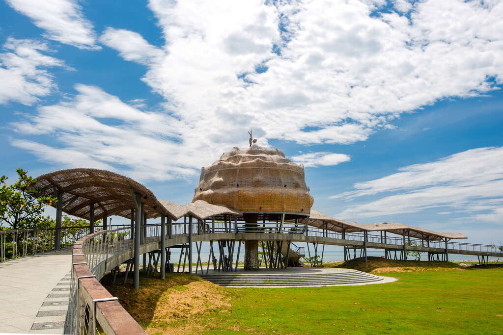 佇立在臺東海濱公園的國際地標,融合地景與公共藝術,標誌臺東獨特的人文、歷史與自然景觀,獨樹一格的藤編屋頂造型讓人眼睛一亮。國際地標靜靜佇立海岸,白天,它迎接清晨的第一道曙光,夜晚,暈黃燈光照耀,輝煌燦爛,彷彿期盼著世界的眼光。
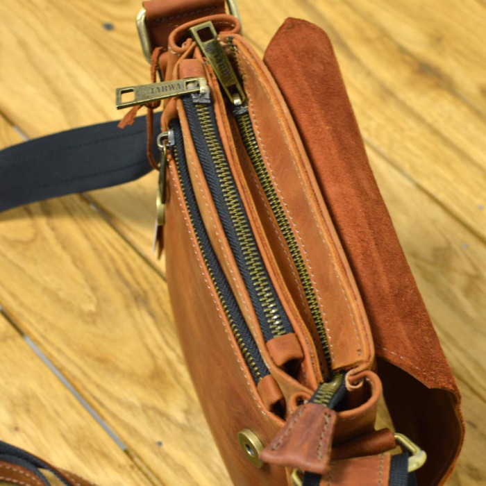 Сумка закрывается на клапан, который фиксируется магнитными кнопками. У сумки под клапаном одно основное отделение на молнии и два кармана под клапаном тоже на молниях. На тыльной стороне - карман на молнии. Суммарно, сумска имеет 4 кармана на молнии и внутренние открытые карманы. Кожаный ремень комбинированный кожа + стропа. Вместо классической текстильной подкладки, внутри сумка продублирована кожаной подкладкой. Благодаря кожаной внутренней подкладки сумка на плечо TARWA RA-4129-4sa будет служить долго и будет менее подвержена износу. Металлическая фурнитура - практичный и долговечный выбор для сумки. Внутри открытый кожаный карман.
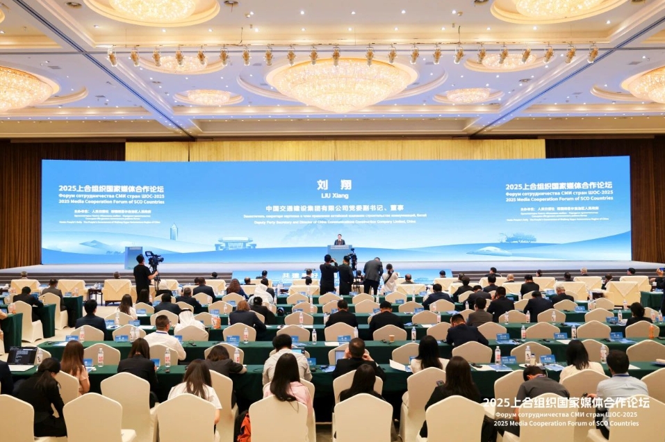 5月23日,以“共建美好家园 共创繁荣未来”为主题的2025上合组织国家媒体合作论坛在新疆维吾尔自治区乌鲁木齐市举行。来自上海合作组织成员国、观察员国和对话伙伴共26个国家的300余位主流媒体代表、有关部门负责同志、专家学者和企业代表等齐聚一堂、共商合作。新疆维吾尔自治区党委书记马兴瑞、人民日报社社长于绍良、上合组织副秘书长索海尔·汗致辞,自治区党委副书记、自治区主席艾尔肯·吐尼亚孜作推介。中交集团党委副书记刘翔出席会议并作主旨发言。
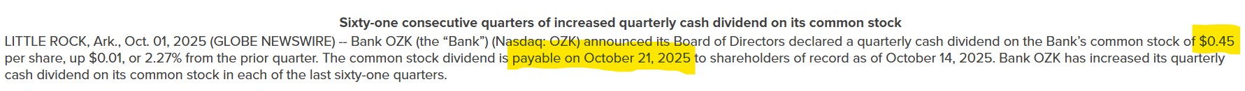 “Bank OZK aumenta dividendo trimestral por 61 trimestre consecutivo”
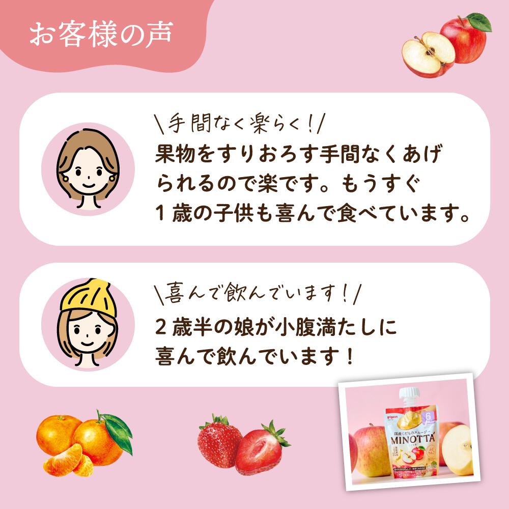 <国産くだものスムージーMINOTTA(ミノッタ)の特長>たっぷり6個入り(3種×2個)ふじりんご×2 温州みかんミックス×2 とちおとめミックス×2
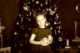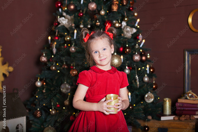 New Year 2020. Merry Christmas, happy holidays. Close-up portrait of a little girl with a candle. Little girl holds a candle in her hands in front of a Christmas tree. New Years Eve. Christmas Eve.
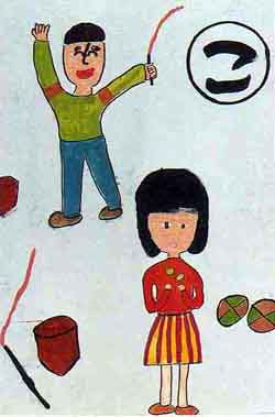 昔の遊び 昭和54年、心を豊かにする公民館活動で、生活文化をとりあげ、 昔の遊具づくりを実施しました。 カルタづくりもこの事業の一貫です。 この日は、お年寄りから男の子は「こま(ぶちごま)」、 女の子は「お手玉」をおそわり、作って遊びました。 ふちごまは、桜の木4〜5pのものを石垣の穴にさしこみ、 円錐状に削り、6〜7pで切りました。 みつまた、こうぞの皮を、木切れに結びつけ、このぶちで 叩いてこまをまわしました。 お手玉は、4×7pの布を4枚用意して縫い合わせ、中に 小豆、ハトムギ、エビスグサ等を入れつくりました。 |
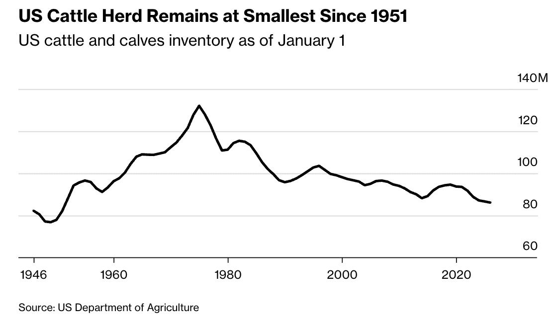 Bloomberg data shows the total US cattle herd size nears a 75-year low.

——

Return all the lines above exactly; none of the pictures should appear.

▸ **Task answer**
 佇立在臺東海濱公園的國際地標,融合地景與公共藝術,標誌臺東獨特的人文、歷史與自然景觀,獨樹一格的藤編屋頂造型讓人眼睛一亮。國際地標靜靜佇立海岸,白天,它迎接清晨的第一道曙光,夜晚,暈黃燈光照耀,輝煌燦爛,彷彿期盼著世界的眼光。
 Сумка закрывается на клапан, который фиксируется магнитными кнопками. У сумки под клапаном одно основное отделение на молнии и два кармана под клапаном тоже на молниях. На тыльной стороне - карман на молнии. Суммарно, сумска имеет 4 кармана на молнии и внутренние открытые карманы. Кожаный ремень комбинированный кожа + стропа. Вместо классической текстильной подкладки, внутри сумка продублирована кожаной подкладкой. Благодаря кожаной внутренней подкладки сумка на плечо TARWA RA-4129-4sa будет служить долго и будет менее подвержена износу. Металлическая фурнитура - практичный и долговечный выбор для сумки. Внутри открытый кожаный карман.
 5月23日,以“共建美好家园 共创繁荣未来”为主题的2025上合组织国家媒体合作论坛在新疆维吾尔自治区乌鲁木齐市举行。来自上海合作组织成员国、观察员国和对话伙伴共26个国家的300余位主流媒体代表、有关部门负责同志、专家学者和企业代表等齐聚一堂、共商合作。新疆维吾尔自治区党委书记马兴瑞、人民日报社社长于绍良、上合组织副秘书长索海尔·汗致辞,自治区党委副书记、自治区主席艾尔肯·吐尼亚孜作推介。中交集团党委副书记刘翔出席会议并作主旨发言。
 “Bank OZK aumenta dividendo trimestral por 61 trimestre consecutivo”
 <国産くだものスムージーMINOTTA(ミノッタ)の特長>たっぷり6個入り(3種×2個)ふじりんご×2 温州みかんミックス×2 とちおとめミックス×2
 New Year 2020. Merry Christmas, happy holidays. Close-up portrait of a little girl with a candle. Little girl holds a candle in her hands in front of a Christmas tree. New Years Eve. Christmas Eve.
 昔の遊び 昭和54年、心を豊かにする公民館活動で、生活文化をとりあげ、 昔の遊具づくりを実施しました。 カルタづくりもこの事業の一貫です。 この日は、お年寄りから男の子は「こま(ぶちごま)」、 女の子は「お手玉」をおそわり、作って遊びました。 ふちごまは、桜の木4〜5pのものを石垣の穴にさしこみ、 円錐状に削り、6〜7pで切りました。 みつまた、こうぞの皮を、木切れに結びつけ、このぶちで 叩いてこまをまわしました。 お手玉は、4×7pの布を4枚用意して縫い合わせ、中に 小豆、ハトムギ、エビスグサ等を入れつくりました。 |
 Bloomberg data shows the total US cattle herd size nears a 75-year low.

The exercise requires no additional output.